## SOURCE DATA
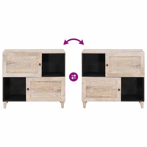 Dieses schicke Mangoholz-Sideboard ist ein praktisches Stück, das jedem Wohnzimmer modernen Flair verleiht. Sein zeitgemäßes Design mit klaren Linien und minimaler Dekoration passt perfekt in verschiedene Wohnstile. Es ist genau das Richtige für alle, die eine elegante Aufbewahrungslösung suchen, die viel Platz bietet und gleichzeitig eine warme, natürliche Atmosphäre schafft. Materialien: Das Sideboard ist aus hochwertigem Massivholz Mango, bekannt für seine Robustheit und die schönen Holzmaserungen. Es ist eine langlebige und ansprechende Wahl für alle, die natürliche Eleganz und stabile Möbel mögen. Inhalte: Mit flächenbündigen Türen für eine glatte Oberfläche und einfachen Knöpfen für den Zugriff, hat das Sideboard stabile Beine, die gute Unterstützung bieten. Diese Teile zusammen schaffen einen beeindruckenden modernen Look, der auch praktisch ist. Funktionen / Nutzung / Design: Das Sideboard hilft dir, Ordnung zu halten mit seinen vielen Fächern, die für einen aufgeräumten Raum sorgen. Sein einfaches Design ist sowohl schick als auch funktional und zeigt moderne Eleganz. Pflege & Wartung: Es ist einfach, es hübsch zu halten. Verwende einfach ein weiches, trockenes Tuch zur Reinigung und meide aggressive Reiniger, die die Oberfläche schädigen könnten. Diese einfache Pflege hilft dem Sideboard, sein schönes Aussehen über die Zeit zu bewahren. ** Farbe: Weiß ** Material: Massives mango holz und hochleistungswerkstoff ** Gesamtabmessungen: 33.5 x 80 x 75 cm (B x L x H) ** Mit 2 türen ** Versammlung erforderlich: Ja ** Lieferung: ** 1 x Sideboard
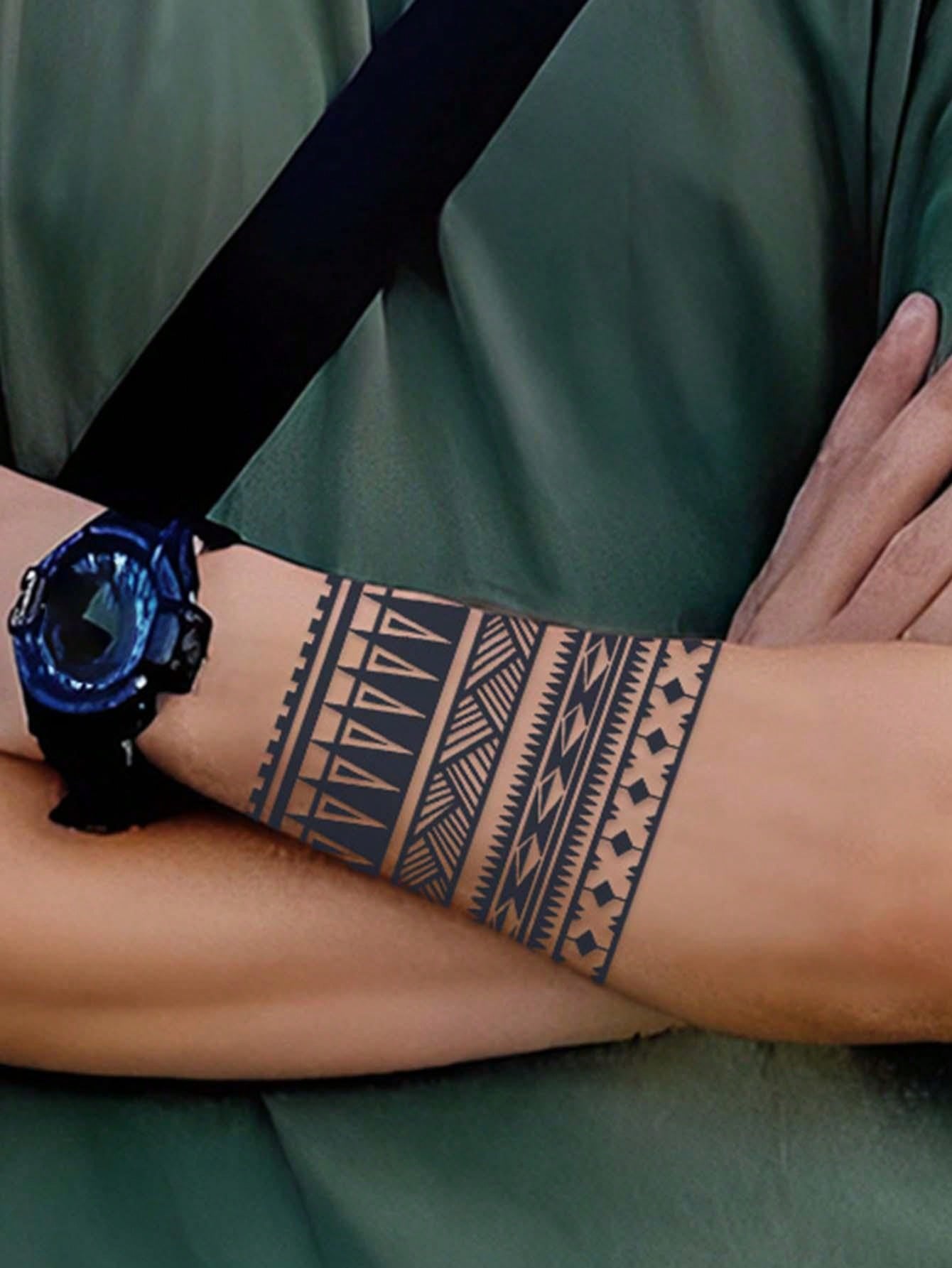 ملصق وشم مؤقت مبتكر للخط المستقيم مقاوم للماء وغير لامع للذراع أو المعصم للرجال تاتو تاتو ابيض ملصق ووشمشم وشم ملصق وشم وشم
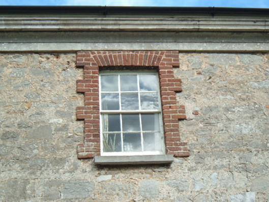 Terraced three-bay two-storey over basement house, built 1777, as part of scheme of almshouses. House is eastern subdivision of former five-bay house. Hipped slate roof with carved limestone cornice, rendered chimneystacks, terracotta chimney pots and some cast-iron rainwater goods. Rendered coursed limestone walls with chamfered quoins and plinth course, and painted walls to basement. Camber-headed window openings with timber sliding sash windows, six-over-six pane to first floor and nine-over-six pane to ground floor with red brick block-and-start surrounds and limestone sills, and square-headed window opening to basement, having nine-pane fixed timber window with limestone sill and brick voussoirs. Former round-headed door opening of original house now in use as window, having six-over-six pane timber sliding sash window with spoked fanlight, rendered infill below, and carved limestone Gibbsian doorcase with triple keystone. Camber-headed door opening in use having timber panelled door, eight-pane timber overlight, red brick block-and-start surround and limestone steps over area. Rendered boundary wall to site with limestone coping.
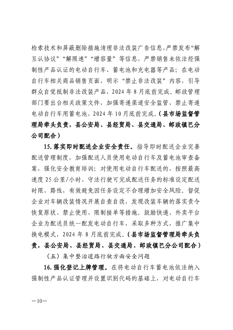 镇巴县人民政府办公室关于印发《镇巴县电动自行车安全隐患全链条整治行动实施方案》的通知

## WHAT THE EXERCISE ASKS
Pictures are to be left out. Otherwise, copy the material above exactly.

## EXPECTED ANSWER
 Dieses schicke Mangoholz-Sideboard ist ein praktisches Stück, das jedem Wohnzimmer modernen Flair verleiht. Sein zeitgemäßes Design mit klaren Linien und minimaler Dekoration passt perfekt in verschiedene Wohnstile. Es ist genau das Richtige für alle, die eine elegante Aufbewahrungslösung suchen, die viel Platz bietet und gleichzeitig eine warme, natürliche Atmosphäre schafft. Materialien: Das Sideboard ist aus hochwertigem Massivholz Mango, bekannt für seine Robustheit und die schönen Holzmaserungen. Es ist eine langlebige und ansprechende Wahl für alle, die natürliche Eleganz und stabile Möbel mögen. Inhalte: Mit flächenbündigen Türen für eine glatte Oberfläche und einfachen Knöpfen für den Zugriff, hat das Sideboard stabile Beine, die gute Unterstützung bieten. Diese Teile zusammen schaffen einen beeindruckenden modernen Look, der auch praktisch ist. Funktionen / Nutzung / Design: Das Sideboard hilft dir, Ordnung zu halten mit seinen vielen Fächern, die für einen aufgeräumten Raum sorgen. Sein einfaches Design ist sowohl schick als auch funktional und zeigt moderne Eleganz. Pflege & Wartung: Es ist einfach, es hübsch zu halten. Verwende einfach ein weiches, trockenes Tuch zur Reinigung und meide aggressive Reiniger, die die Oberfläche schädigen könnten. Diese einfache Pflege hilft dem Sideboard, sein schönes Aussehen über die Zeit zu bewahren. ** Farbe: Weiß ** Material: Massives mango holz und hochleistungswerkstoff ** Gesamtabmessungen: 33.5 x 80 x 75 cm (B x L x H) ** Mit 2 türen ** Versammlung erforderlich: Ja ** Lieferung: ** 1 x Sideboard
 ملصق وشم مؤقت مبتكر للخط المستقيم مقاوم للماء وغير لامع للذراع أو المعصم للرجال تاتو تاتو ابيض ملصق ووشمشم وشم ملصق وشم وشم
 Terraced three-bay two-storey over basement house, built 1777, as part of scheme of almshouses. House is eastern subdivision of former five-bay house. Hipped slate roof with carved limestone cornice, rendered chimneystacks, terracotta chimney pots and some cast-iron rainwater goods. Rendered coursed limestone walls with chamfered quoins and plinth course, and painted walls to basement. Camber-headed window openings with timber sliding sash windows, six-over-six pane to first floor and nine-over-six pane to ground floor with red brick block-and-start surrounds and limestone sills, and square-headed window opening to basement, having nine-pane fixed timber window with limestone sill and brick voussoirs. Former round-headed door opening of original house now in use as window, having six-over-six pane timber sliding sash window with spoked fanlight, rendered infill below, and carved limestone Gibbsian doorcase with triple keystone. Camber-headed door opening in use having timber panelled door, eight-pane timber overlight, red brick block-and-start surround and limestone steps over area. Rendered boundary wall to site with limestone coping.
 镇巴县人民政府办公室关于印发《镇巴县电动自行车安全隐患全链条整治行动实施方案》的通知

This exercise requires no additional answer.